### Supplied records

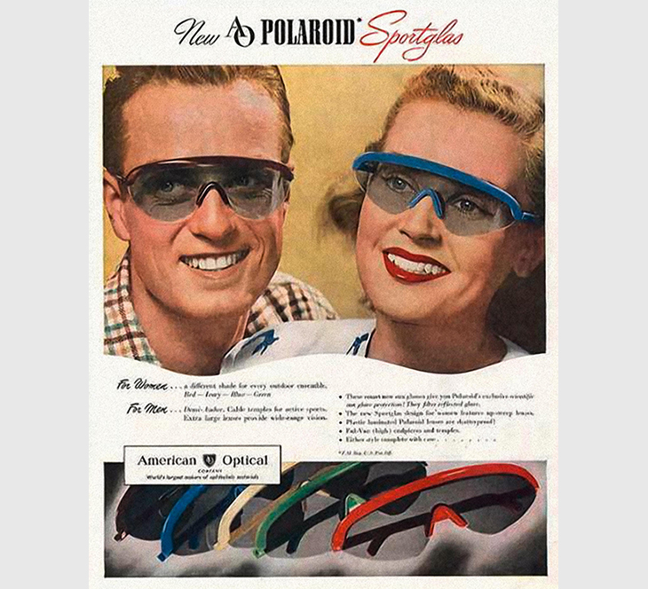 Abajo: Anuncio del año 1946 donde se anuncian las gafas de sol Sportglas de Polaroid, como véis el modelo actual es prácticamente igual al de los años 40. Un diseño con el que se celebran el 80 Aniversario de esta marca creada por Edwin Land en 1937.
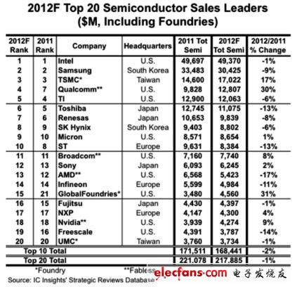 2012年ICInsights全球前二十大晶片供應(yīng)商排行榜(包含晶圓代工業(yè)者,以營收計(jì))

==

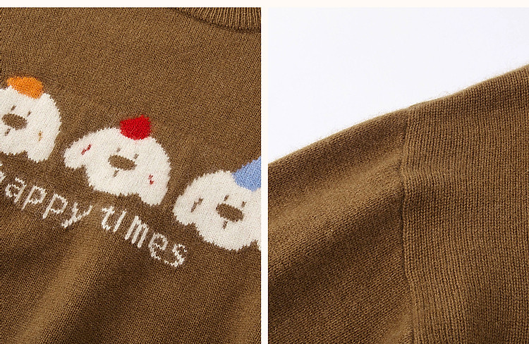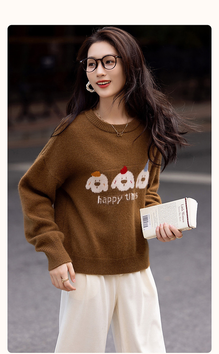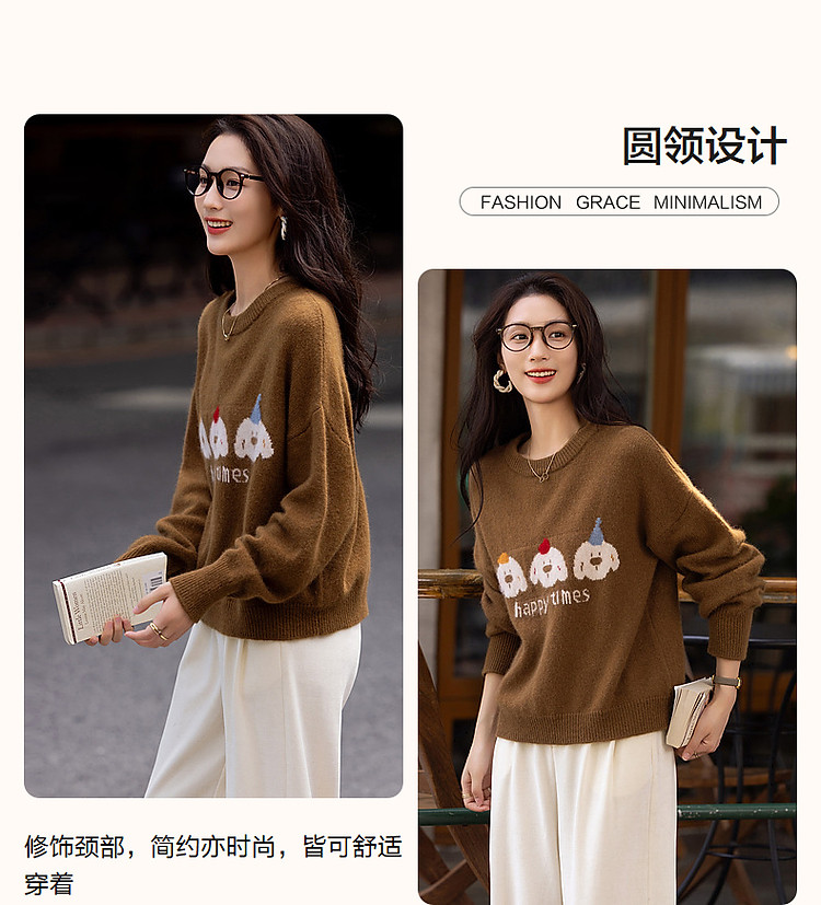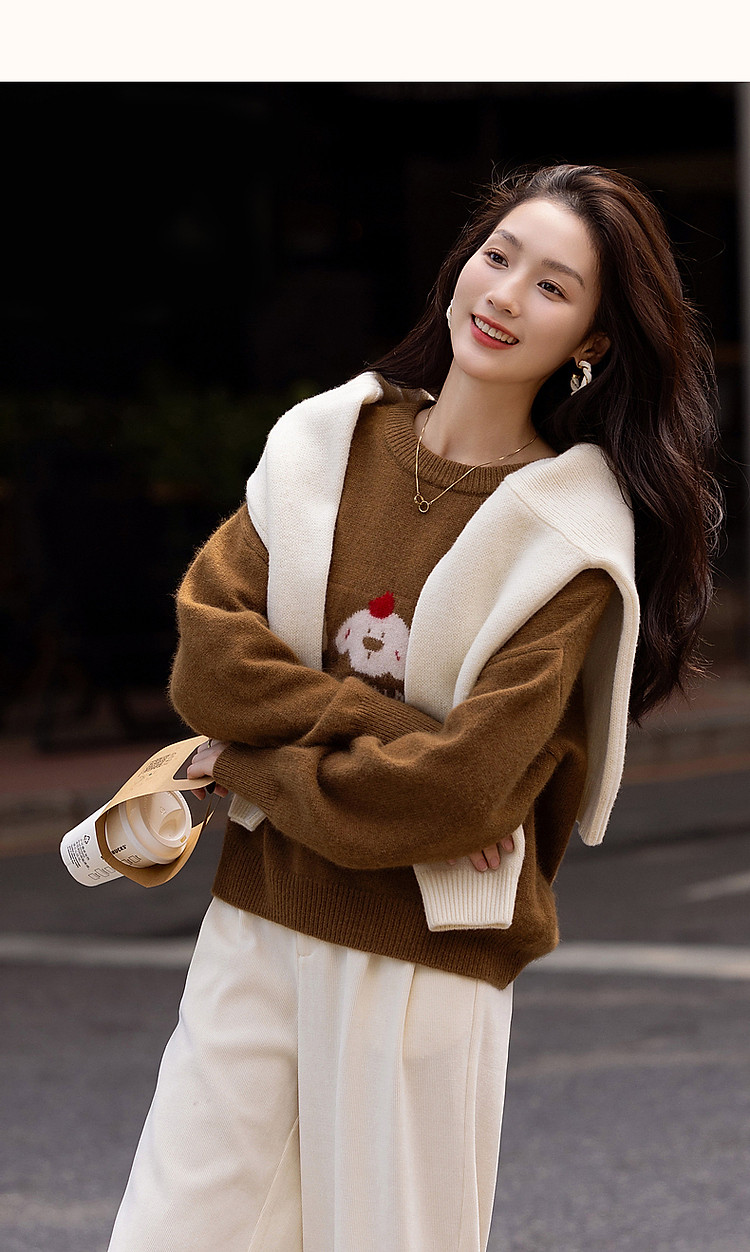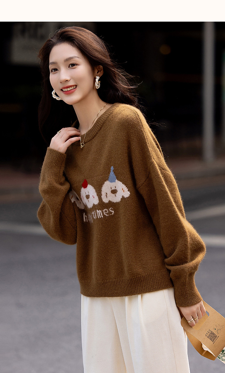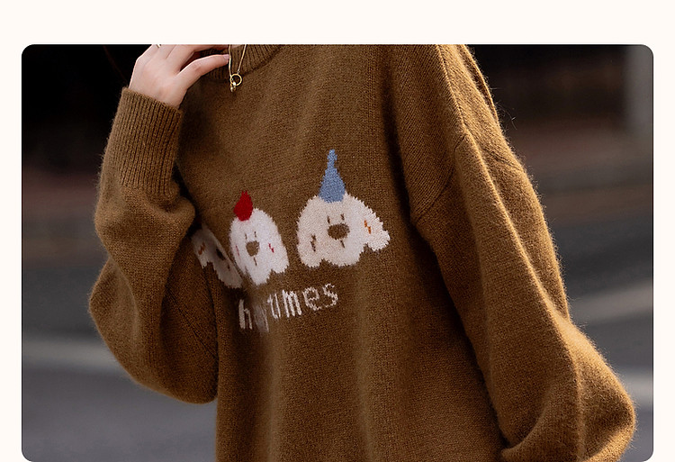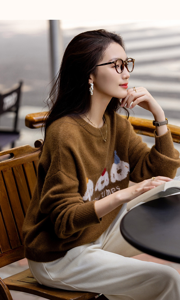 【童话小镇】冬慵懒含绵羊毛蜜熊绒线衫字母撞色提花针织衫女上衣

### What this task involves
Precisely those lines above that run from the line with "Abajo: Anuncio del" up to and including the line with "2012年ICInsight" are to be set down, with the pictures omitted.

### Written solution
 Abajo: Anuncio del año 1946 donde se anuncian las gafas de sol Sportglas de Polaroid, como véis el modelo actual es prácticamente igual al de los años 40. Un diseño con el que se celebran el 80 Aniversario de esta marca creada por Edwin Land en 1937.
 2012年ICInsights全球前二十大晶片供應(yīng)商排行榜(包含晶圓代工業(yè)者,以營收計(jì))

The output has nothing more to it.